Recorded data

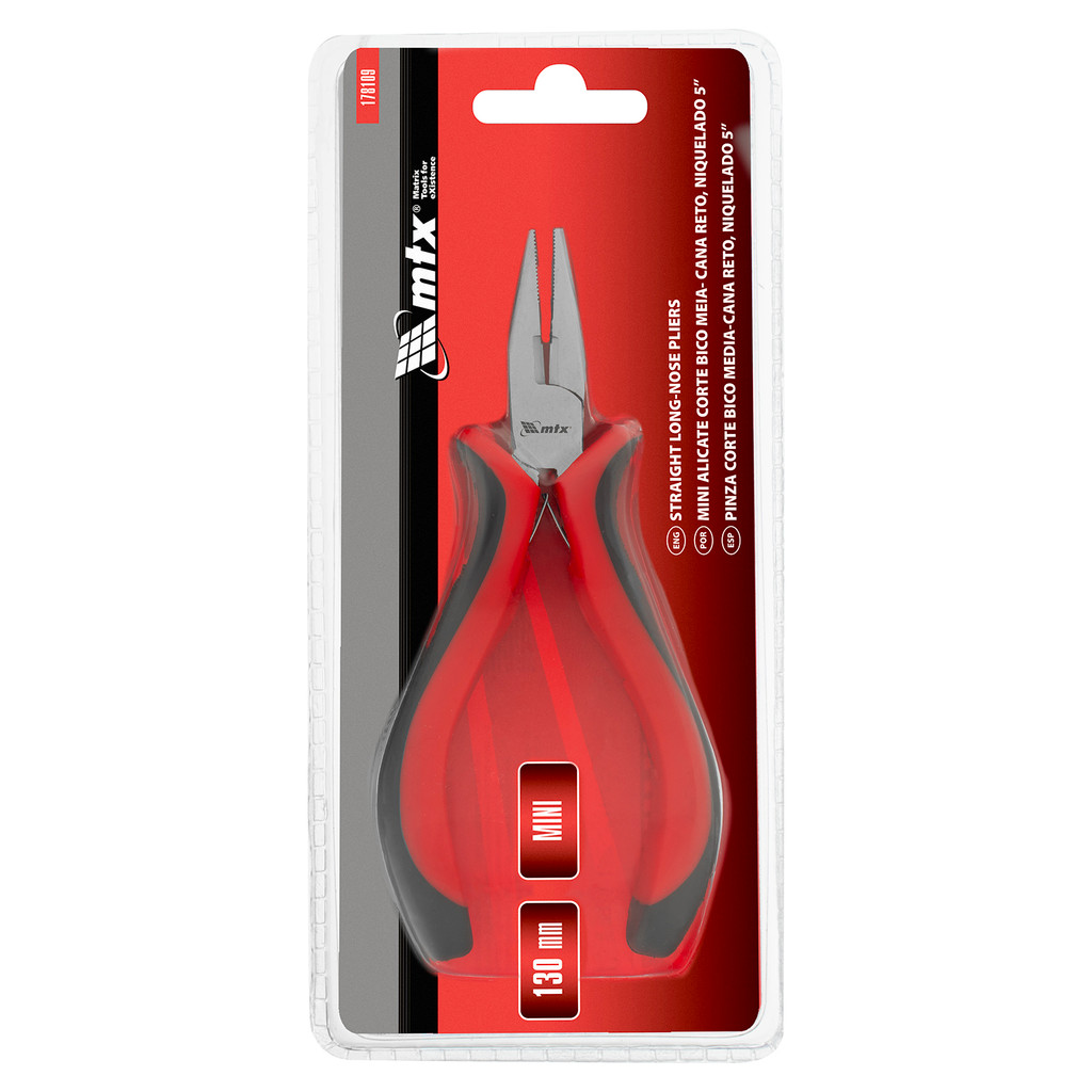 MINI ALICATE BICO MEIA CANA RETO, NIQUELADO, CABO DUPLA INJECAO, 5POL., 130MM, 1PC // MTX
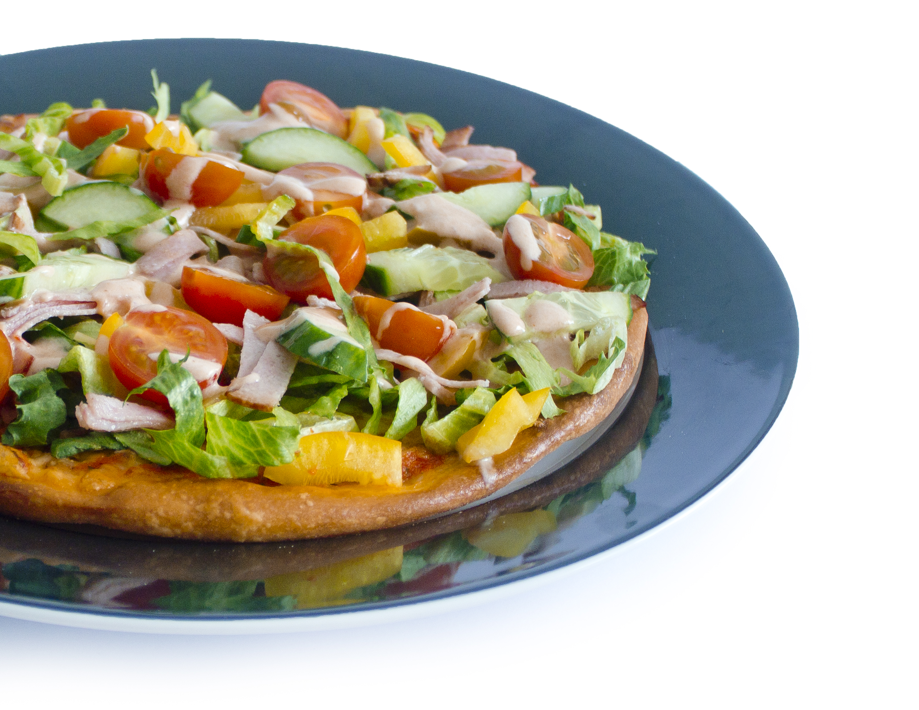 When the pizza is out of the oven top it with your salad, give the yogurt chili sauce a stir and drizzle it on top.
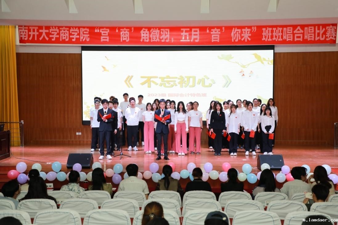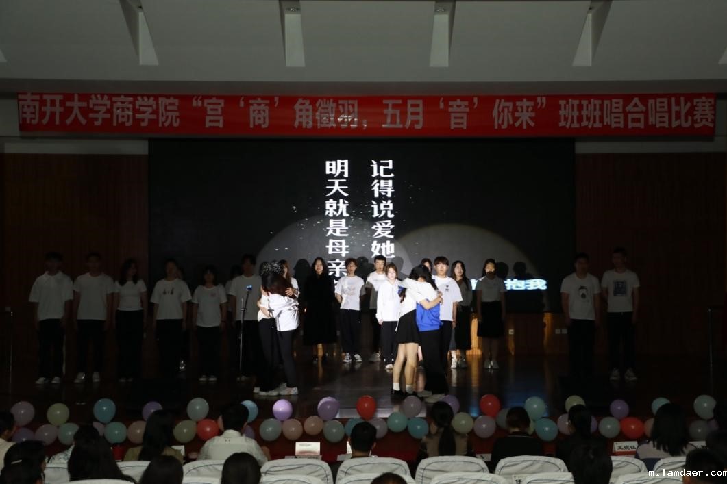 (通讯员:苏比伊努尔 王露萍 吴哲 )为认真学习贯彻党的二十大精神,为庆祝新中国成立75周年、南开系列学校建校120周年、南开大学建校105周年,以及纪念周恩来总理新中国成立后第三次视察母校65周年,南开大学商学院于2024年5月11日举办了以“宫‘商’角徵羽,五月‘音’你来”为主题的“班班唱”合唱比赛活动。本次活动旨在以音乐的力量展现青春风采,传承爱国情怀,激发南开学子的爱国热情,增强青年的使命感和责任感,凝聚班级共识与凝聚力,提升集体意识,同时展现南开大学青春活力、昂扬向上的校园文化风貌,旨在更好地引领商院学子德智体美劳五育并举。
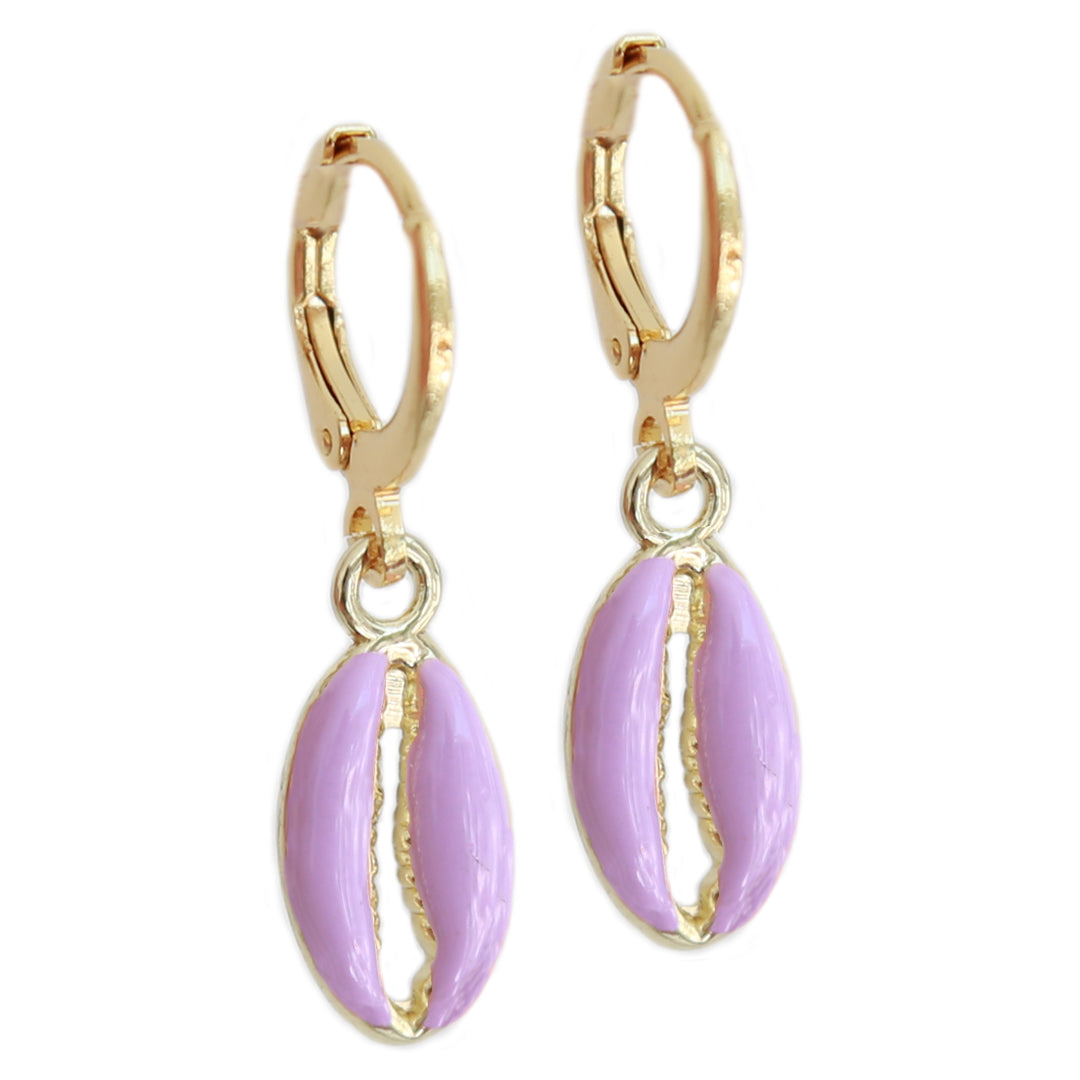 Cute golden earrings with a shell charm in a purple color!
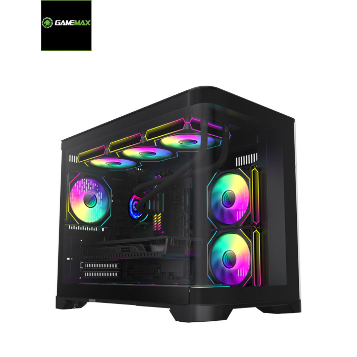 Корпус ПК HYPE-M Premium Micro ATX від GameMax має унікальний шлях повітряного потоку, що забезпечує широкий діапазон сумісності та безліч варіантів охолодження. має фаски під кутом 45 градусів, призначені для плавного малюнку. Корпус комп’ютера, зосереджений на охолодженні – 3 попередньо встановлені 120-мм вентилятори ARGB – 2 знизу та один у задній частині корпусу, сприяють чудовій вентиляції. Верхня частина HYPE підтримує радіатор діаметром до 360 мм. Подвійна вигнута скляна панель. Панель виготовлена з вигнутого скла з красивими лініями та плавним баченням. Конструкція передньої камери приховує кабелі, зберігаючи ваш ПК вільним від безладу, візуально привабливим і прохолодним. Цей корпус Mid-tower сумісний із найбільшими картами серії NVIDIA 4000 завдяки достатньому простору для відеокарт довжиною до 400 мм і висотою до 157 мм (для режиму повітряного охолодження). |
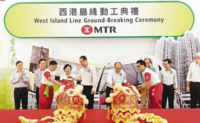 西港島線是現有港島線的延線,全長約3公里,共設3個車站,包括西營盤、大學及堅尼地城,該線10日舉行動工典禮。唐英年出席典禮致辭時說,西港島線是近年首條落實動工的新鐵路,連接上環和西區,通車后往返堅尼地城與上環只需8分鐘,而往返堅尼地城與尖沙嘴也只需14分鐘,預計未來50年節省的車程時間,可為香港帶來620億元的經濟效益。
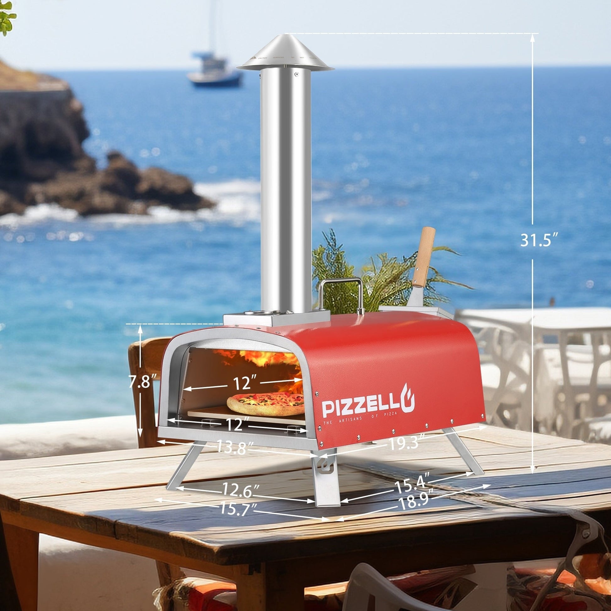 Four à pizza extérieur multi-combustible, machine à pizza cuite sur pierre avec brûleur à gaz et boîte à bois - 12 pouces
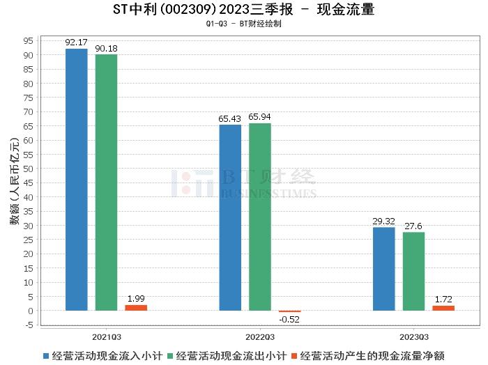 在现金流量方面,ST中利2023年三季度经营活动产生的现金流量净额为1.72亿元,相比上年同期的-5159.5万元,增加了433.45%。经营活动现金流入小计为29.32亿元,相比上年同期的65.43亿元有所减少。经营活动现金流出小计为27.6亿元,相比上年同期的65.94亿元也有所减少。

> What to produce: Retype, exactly and only, the lines from the one containing "西港島線是現有港島線的延線,全長約3公里" through the end of the entries, both ends included, and omit all pictures.

> Solution:
 西港島線是現有港島線的延線,全長約3公里,共設3個車站,包括西營盤、大學及堅尼地城,該線10日舉行動工典禮。唐英年出席典禮致辭時說,西港島線是近年首條落實動工的新鐵路,連接上環和西區,通車后往返堅尼地城與上環只需8分鐘,而往返堅尼地城與尖沙嘴也只需14分鐘,預計未來50年節省的車程時間,可為香港帶來620億元的經濟效益。
 Four à pizza extérieur multi-combustible, machine à pizza cuite sur pierre avec brûleur à gaz et boîte à bois - 12 pouces
 在现金流量方面,ST中利2023年三季度经营活动产生的现金流量净额为1.72亿元,相比上年同期的-5159.5万元,增加了433.45%。经营活动现金流入小计为29.32亿元,相比上年同期的65.43亿元有所减少。经营活动现金流出小计为27.6亿元,相比上年同期的65.94亿元也有所减少。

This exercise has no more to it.